M.P. Guthrie, who farms near Faust, told FARM SHOW that when he tried an 8-bale unit behind his baler, the bales slid around inside the accumulator on hillsides. He decided to build a 4-bale unit and pick up the bales with his 8-bale Farmhand bale fork, picking up two 4-bale groups at a time.
Guthrie's accumulator simply tows along the ground behind the baler. As the first bale falls to the ground, it slips through the open gate on the unit. As it slides back along the side of the accumulator, it trips a lever that moves the gate over so the second bale slides into the opposite side of the accumulator. The second bale trips another lever which moves the gate again for the third bale which, in turn, trips its own lever. As the first two bales reach the rear of the accumulator, a pair of wheels that run along the top of the bales trip another lever that lowers down in the path of the fourth bale. When the fourth bale trips this lever, the rear gate of the accumulator opens and all four bales slip out of the unit in a group, and the gate swings back down, automatically relatching itself.

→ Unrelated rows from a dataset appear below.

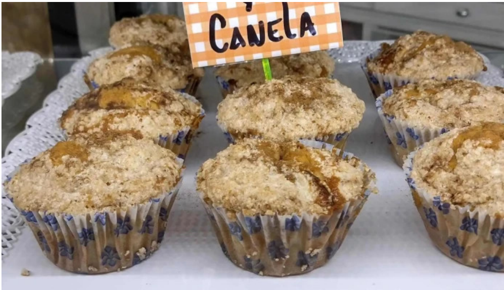
La panna comida y bebida
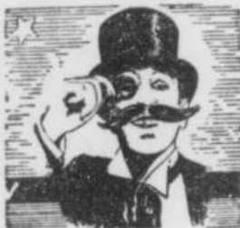
— PAR — L'ACADEMICIEN
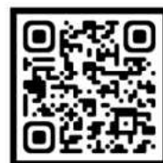
치과대학 30년사 PDF
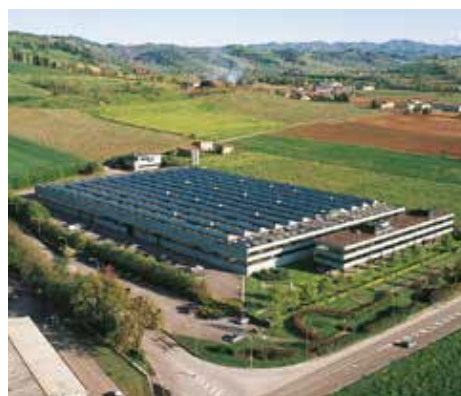
Sede Beghelli a Monteveglio di Valsamoggia (BO)

Fondato nel 1982 da Gian Pietro Beghelli, il Gruppo Beghelli progetta, produce e distribuisce - anche con offerta abbinata di prodotti e servizi - apparecchi per illuminazione tecnico professionale, è leader italiano nel settore dell'illuminazione di emergenza e realizza inoltre sistemi per la domotica e la sicurezza industriale e domestica.

"Every bale activates a lever that activates something else. There are no belts, chains or gears. It's all ground-driven by the bales pulled along the ground. Unless a bale falls sideways on a sharp turn, it's totally trouble-free," says Guthrie. He built the accumulator out of old angle iron, pipe and steel cable. The only modification to the baler was a hitch to tow the unit.
Contact: FARM SHOW Followup, M.P. Guthrie, Rt. 1, Box 102B, Faust, Miss. 39074 (ph 601 469-4526).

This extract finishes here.